• **TASK PROMPT**:
When copying the listing below, skip every picture and keep each word as it stands.

• **INFORMATION**:

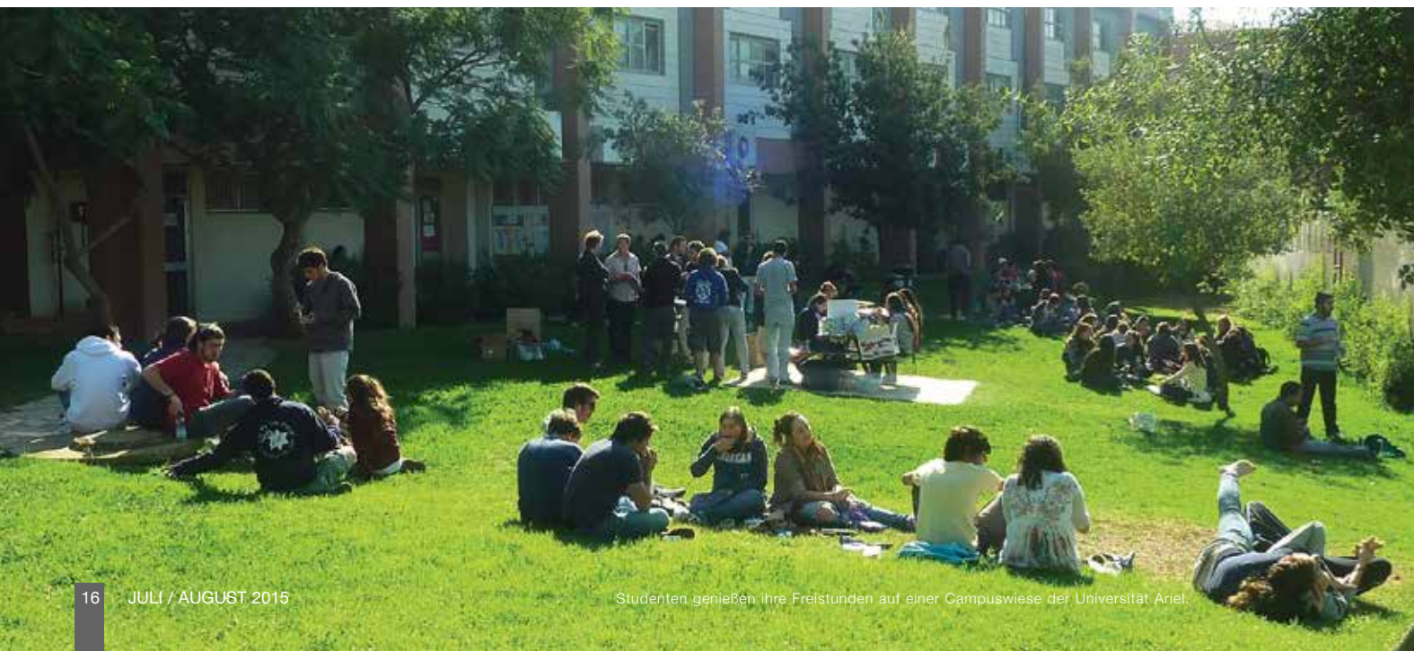
Studenten genießen ihre Freistunden auf einer Campuswiese der Universität Ariel.

Durch die dort ansässigen Bildungseinrichtungen und Industrie ermöglicht Ariel, die Hauptstadt von Samaria, es den Menschen in der Region, Frieden durch zwischenmenschliche Beziehungen und gemeinsame Ziele zu schaffen.
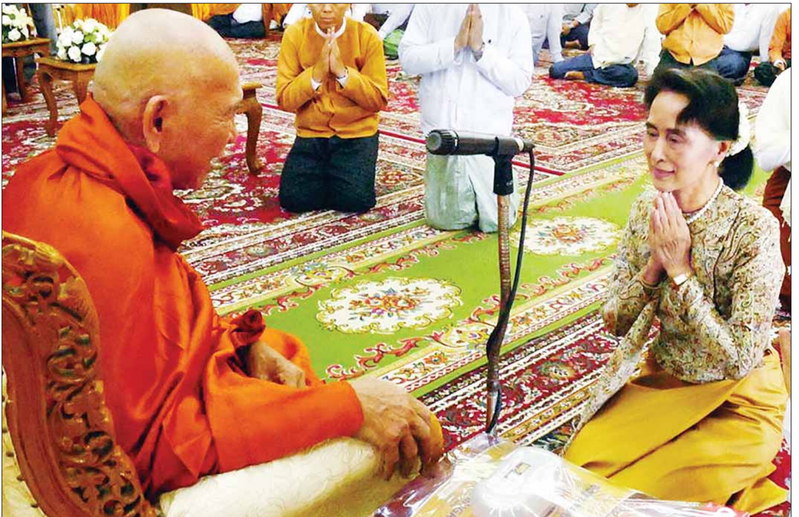
ဗန်းမော်ဆရာတော်ကြီးထံမှ နိုင်ငံတော်၏အတိုင်ပင်ခံပုဂ္ဂိုလ် ဒေါ်အောင်ဆန်းစုကြည် ဩဝါဒခံယူပွဲ။

ထို့နောက် နိုင်ငံတော်သံယမဟာ နာယကအဖွဲ့ဥက္ကဋ္ဌ ဗန်းမော် ဆရာတော်က ဩဝါဒချီးမြှင့်ရာ၌ မိမိတို့သည် သာသနာအတွက် ဆောင်ရွက်ရာတွင် သာသနာတော် သန့်ရှင်းတည်တံ့ပြန့်ပွားရေးကိုသာ ဆောင်ရွက်ခြင်းဖြစ်သည်အတွက် နိုင်ငံရေးနှင့် နီးနွယ်သည့်ကိစ္စရပ် များကို ဆောင်ရွက်ခြင်းမပြုကြောင်း၊ သို့ရာတွင် မြန်မာနိုင်ငံ လူဦးရေ ၅၁ သန်းကျော်အနက် ၄၇ သန်းကျော် သော ပြည်သူများသည် ဗုဒ္ဓဘာသာ ကိုးကွယ်သဖြင့် ကိုးကွယ်သည့် ဒကာ၊ ဒကာမများ၏ ဆန္ဒနှင့် လိုလားချက် များကို သာသနာတော်နှင့် ဒကာ၊ စာမျက်နှာ ၅ ကော်လံ ၁ သို့ *
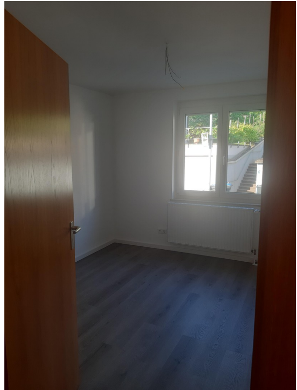
Kinder- oder Arbeitszimmer
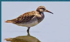
Playerito Pectoral / Pectoral Sandpiper Calidris melanotos 18 cm-Rara y Migratoria Neártica (Mapa A)
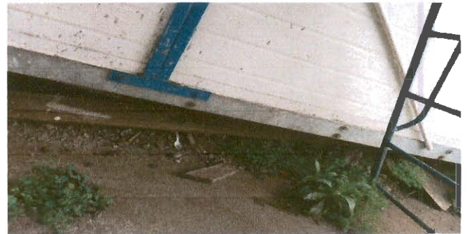
Cierre de superficie abierta de módulos
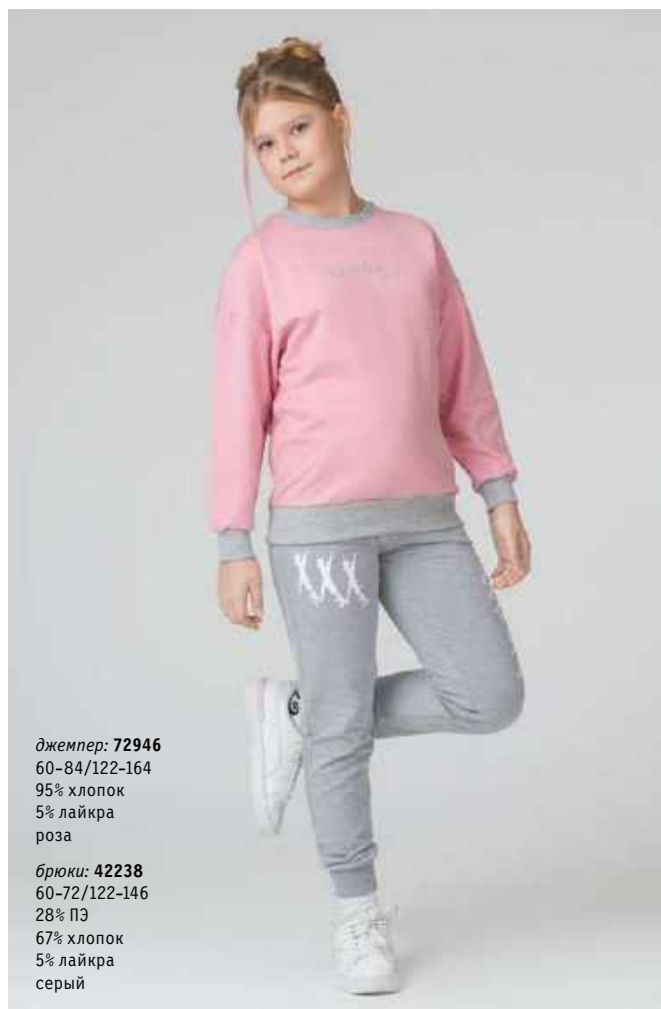
джерсер: 72946 60-84/122-164 95% хлопок 5% лайкра роза брюки: 42238 60-72/122-146 28% ПЭ 67% хлопок 5% лайкра серый
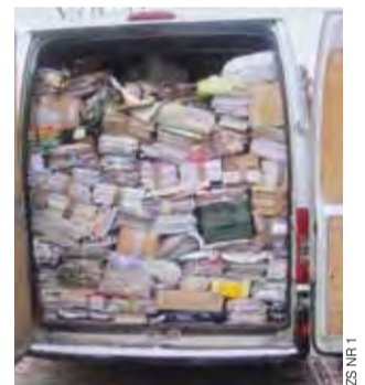
Transporter załadowany makulaturą zebraną przez uczniów ZS Nr 1.

Pomysł budowy studni za makulaturę należy do Łódzkiej Wspólnoty Fundacji Nauk i Wychowania, prowadzonej w Sudanie właśnie przez księży sałzejajców. Wśród gimnazjalistów najczęściej, bo 376 kg makulatury, zebrała klasa Ia, natomiast wśród uczniów podstawówki – klasa I – 333 kg. ljs
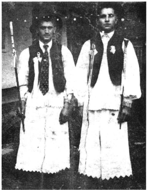
Chemători la nuntă din zona Buteni-Almaș ( 1931)
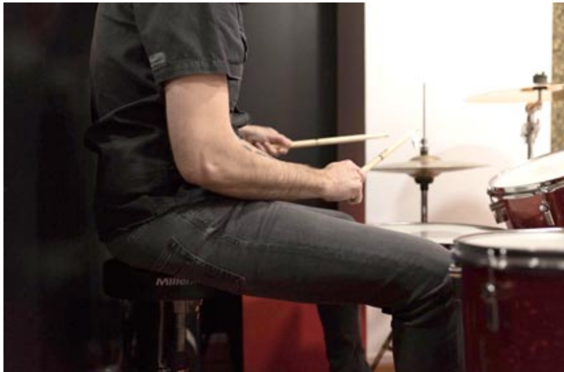
El centro de estudios musicales está especializado en el lenguaje moderno desde 2013, cuando abrió sus puertas. Coolte.net

On Music abrió sus puertas 2013 con el principal objetivo de ofrecer a la ciudad otra forma diferente de acercarse a la música.
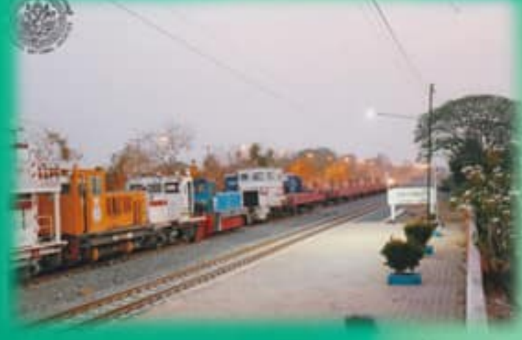
ที่มาภาพ : ภ.ศท.ท.๔/๒๒๑.๑ สถานีรถไฟสุพรรณบุรี ถ่ายเมื่อ ๒๐ เมษายน ๒๕๖๐

ปัจจุบันสถานีรถไฟสุพรรณบุรีเปิดให้บริการเดินรถ วันละ ๒ ขบวน คือ ขบวน ๓๕๖ สุพรรณบุรี - กรุงเทพฯ (หัวลำโพง) ออกจากสถานีสุพรรณบุรี เวลา ๐๕.๓๐ น. ถึงสถานีหัวลำโพง เวลา ๐๘.๐๕ น. และขบวน ๓๕๕ กรุงเทพฯ - สุพรรณบุรี รถไฟออกจากหัวลำโพงเวลา ๑๖.๕๐ น. ถึงสถานีสุพรรณบุรี เวลา ๒๐.๑๕ น.
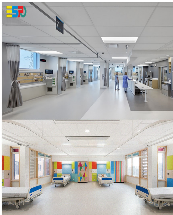
تصویر ۲- بالا، ترکیب رنگ های استفاده شده در سطوح داخلی اورژانس- تصویر پایین، ترکیب رنگ های استفاده شده در بخش ریکاوری.
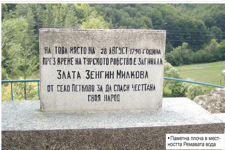
Паметна плоча в местността Ремавата вода
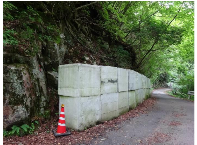
コンクリートブロックによる応急土留
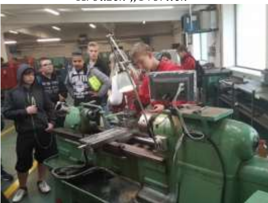
Exkurze do SOU a SOŠ Roudnice n/L

• **EXPECTED OUTPUT**:
Studenten genießen ihre Freistunden auf einer Campuswiese der Universität Ariel.

Durch die dort ansässigen Bildungseinrichtungen und Industrie ermöglicht Ariel, die Hauptstadt von Samaria, es den Menschen in der Region, Frieden durch zwischenmenschliche Beziehungen und gemeinsame Ziele zu schaffen.
ဗန်းမော်ဆရာတော်ကြီးထံမှ နိုင်ငံတော်၏အတိုင်ပင်ခံပုဂ္ဂိုလ် ဒေါ်အောင်ဆန်းစုကြည် ဩဝါဒခံယူပွဲ။

ထို့နောက် နိုင်ငံတော်သံယမဟာ နာယကအဖွဲ့ဥက္ကဋ္ဌ ဗန်းမော် ဆရာတော်က ဩဝါဒချီးမြှင့်ရာ၌ မိမိတို့သည် သာသနာအတွက် ဆောင်ရွက်ရာတွင် သာသနာတော် သန့်ရှင်းတည်တံ့ပြန့်ပွားရေးကိုသာ ဆောင်ရွက်ခြင်းဖြစ်သည်အတွက် နိုင်ငံရေးနှင့် နီးနွယ်သည့်ကိစ္စရပ် များကို ဆောင်ရွက်ခြင်းမပြုကြောင်း၊ သို့ရာတွင် မြန်မာနိုင်ငံ လူဦးရေ ၅၁ သန်းကျော်အနက် ၄၇ သန်းကျော် သော ပြည်သူများသည် ဗုဒ္ဓဘာသာ ကိုးကွယ်သဖြင့် ကိုးကွယ်သည့် ဒကာ၊ ဒကာမများ၏ ဆန္ဒနှင့် လိုလားချက် များကို သာသနာတော်နှင့် ဒကာ၊ စာမျက်နှာ ၅ ကော်လံ ၁ သို့ *
Kinder- oder Arbeitszimmer
Playerito Pectoral / Pectoral Sandpiper Calidris melanotos 18 cm-Rara y Migratoria Neártica (Mapa A)
Cierre de superficie abierta de módulos
джерсер: 72946 60-84/122-164 95% хлопок 5% лайкра роза брюки: 42238 60-72/122-146 28% ПЭ 67% хлопок 5% лайкра серый
Transporter załadowany makulaturą zebraną przez uczniów ZS Nr 1.

Pomysł budowy studni za makulaturę należy do Łódzkiej Wspólnoty Fundacji Nauk i Wychowania, prowadzonej w Sudanie właśnie przez księży sałzejajców. Wśród gimnazjalistów najczęściej, bo 376 kg makulatury, zebrała klasa Ia, natomiast wśród uczniów podstawówki – klasa I – 333 kg. ljs
Chemători la nuntă din zona Buteni-Almaș ( 1931)
El centro de estudios musicales está especializado en el lenguaje moderno desde 2013, cuando abrió sus puertas. Coolte.net

On Music abrió sus puertas 2013 con el principal objetivo de ofrecer a la ciudad otra forma diferente de acercarse a la música.
ที่มาภาพ : ภ.ศท.ท.๔/๒๒๑.๑ สถานีรถไฟสุพรรณบุรี ถ่ายเมื่อ ๒๐ เมษายน ๒๕๖๐

ปัจจุบันสถานีรถไฟสุพรรณบุรีเปิดให้บริการเดินรถ วันละ ๒ ขบวน คือ ขบวน ๓๕๖ สุพรรณบุรี - กรุงเทพฯ (หัวลำโพง) ออกจากสถานีสุพรรณบุรี เวลา ๐๕.๓๐ น. ถึงสถานีหัวลำโพง เวลา ๐๘.๐๕ น. และขบวน ๓๕๕ กรุงเทพฯ - สุพรรณบุรี รถไฟออกจากหัวลำโพงเวลา ๑๖.๕๐ น. ถึงสถานีสุพรรณบุรี เวลา ๒๐.๑๕ น.
تصویر ۲- بالا، ترکیب رنگ های استفاده شده در سطوح داخلی اورژانس- تصویر پایین، ترکیب رنگ های استفاده شده در بخش ریکاوری.
Паметна плоча в местността Ремавата вода
コンクリートブロックによる応急土留
Exkurze do SOU a SOŠ Roudnice n/L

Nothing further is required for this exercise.